** The problem **
In the copy, include every entry exactly but none of the pictures.

** Data supplied **
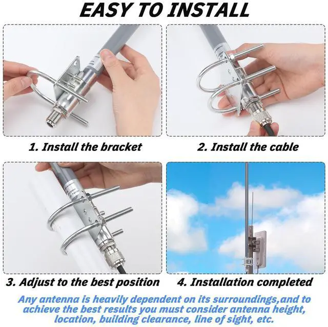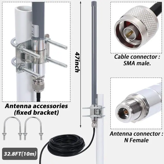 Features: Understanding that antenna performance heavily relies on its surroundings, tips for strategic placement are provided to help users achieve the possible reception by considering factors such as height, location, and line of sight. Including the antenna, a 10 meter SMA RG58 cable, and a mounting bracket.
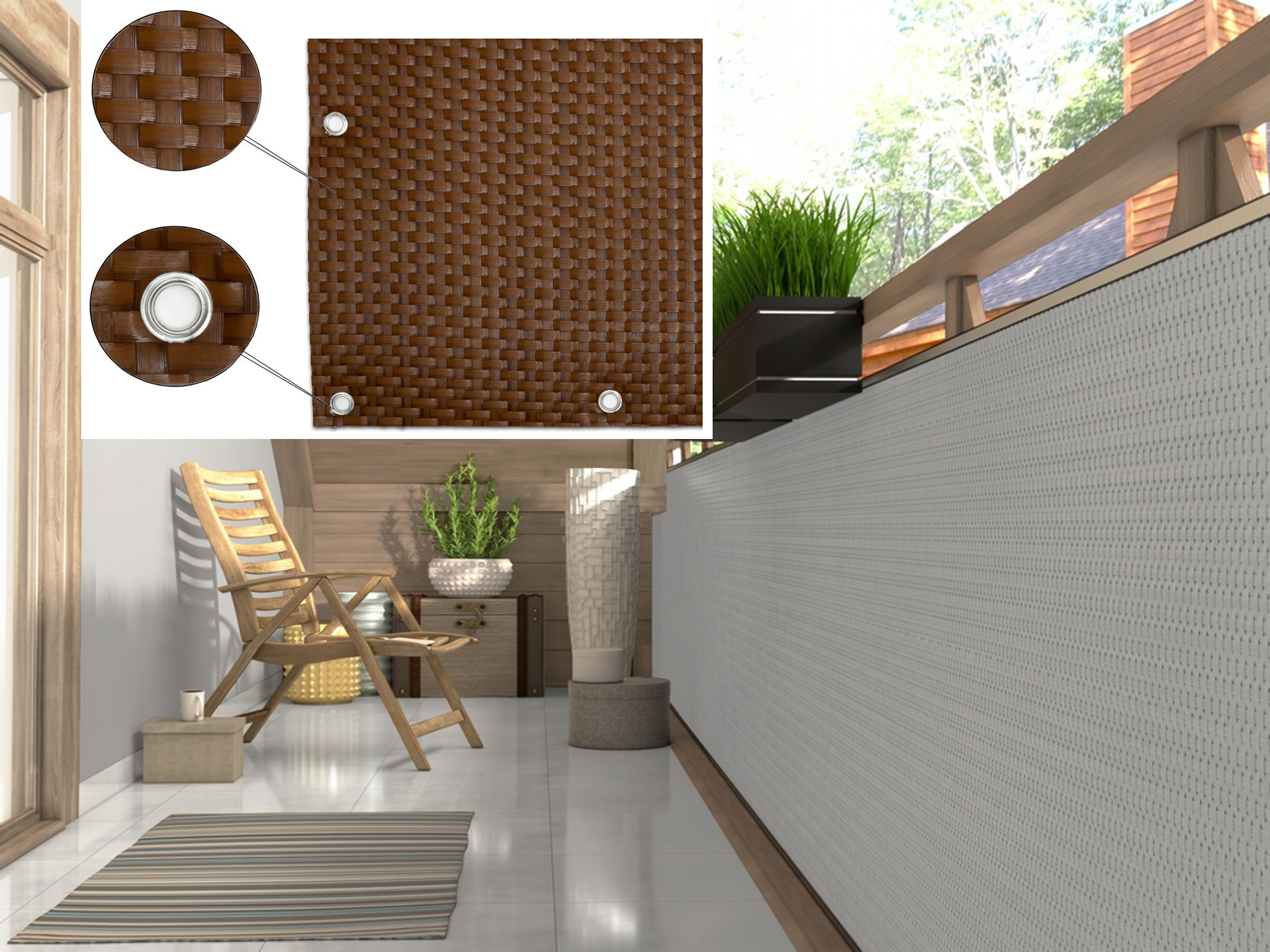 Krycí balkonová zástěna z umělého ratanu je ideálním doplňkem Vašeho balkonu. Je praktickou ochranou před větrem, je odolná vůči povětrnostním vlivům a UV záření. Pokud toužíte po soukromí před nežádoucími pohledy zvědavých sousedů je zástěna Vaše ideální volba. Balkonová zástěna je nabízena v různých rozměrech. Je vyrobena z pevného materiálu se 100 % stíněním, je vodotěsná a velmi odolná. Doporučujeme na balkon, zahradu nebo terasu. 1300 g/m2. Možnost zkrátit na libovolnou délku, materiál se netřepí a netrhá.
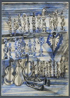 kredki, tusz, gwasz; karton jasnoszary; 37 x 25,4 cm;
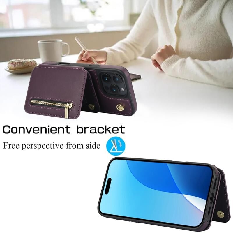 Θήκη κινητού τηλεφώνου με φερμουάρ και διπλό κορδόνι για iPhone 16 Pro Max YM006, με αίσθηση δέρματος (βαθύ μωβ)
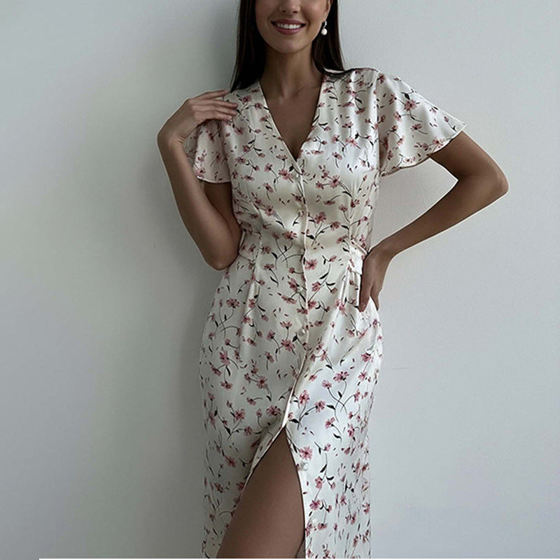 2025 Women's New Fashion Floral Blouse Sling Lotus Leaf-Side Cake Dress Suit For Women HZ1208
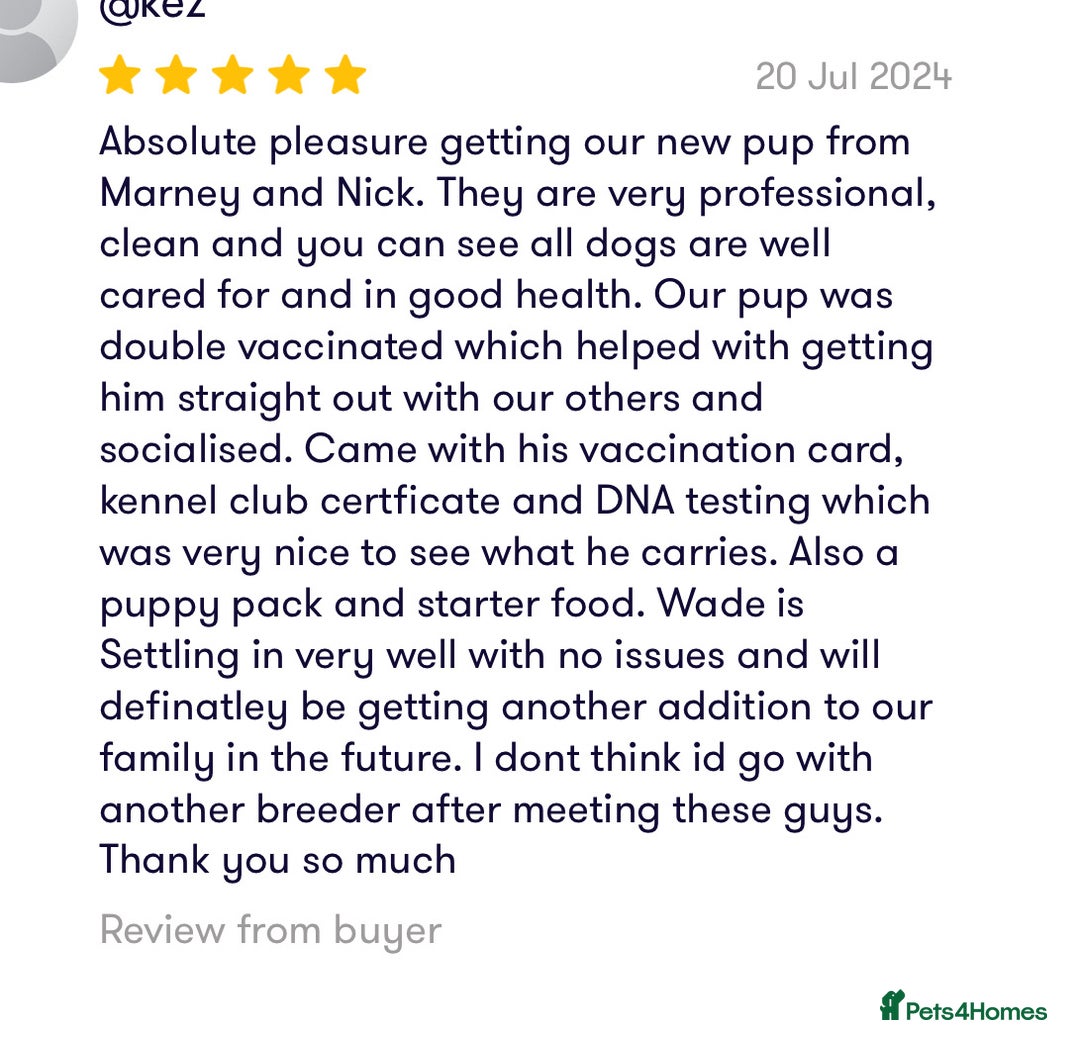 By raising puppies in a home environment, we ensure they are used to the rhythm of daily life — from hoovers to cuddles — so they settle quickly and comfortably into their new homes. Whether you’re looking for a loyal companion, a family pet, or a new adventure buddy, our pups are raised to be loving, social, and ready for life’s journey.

** Your solution **
 Features: Understanding that antenna performance heavily relies on its surroundings, tips for strategic placement are provided to help users achieve the possible reception by considering factors such as height, location, and line of sight. Including the antenna, a 10 meter SMA RG58 cable, and a mounting bracket.
 Krycí balkonová zástěna z umělého ratanu je ideálním doplňkem Vašeho balkonu. Je praktickou ochranou před větrem, je odolná vůči povětrnostním vlivům a UV záření. Pokud toužíte po soukromí před nežádoucími pohledy zvědavých sousedů je zástěna Vaše ideální volba. Balkonová zástěna je nabízena v různých rozměrech. Je vyrobena z pevného materiálu se 100 % stíněním, je vodotěsná a velmi odolná. Doporučujeme na balkon, zahradu nebo terasu. 1300 g/m2. Možnost zkrátit na libovolnou délku, materiál se netřepí a netrhá.
 kredki, tusz, gwasz; karton jasnoszary; 37 x 25,4 cm;
 Θήκη κινητού τηλεφώνου με φερμουάρ και διπλό κορδόνι για iPhone 16 Pro Max YM006, με αίσθηση δέρματος (βαθύ μωβ)
 2025 Women's New Fashion Floral Blouse Sling Lotus Leaf-Side Cake Dress Suit For Women HZ1208
 By raising puppies in a home environment, we ensure they are used to the rhythm of daily life — from hoovers to cuddles — so they settle quickly and comfortably into their new homes. Whether you’re looking for a loyal companion, a family pet, or a new adventure buddy, our pups are raised to be loving, social, and ready for life’s journey.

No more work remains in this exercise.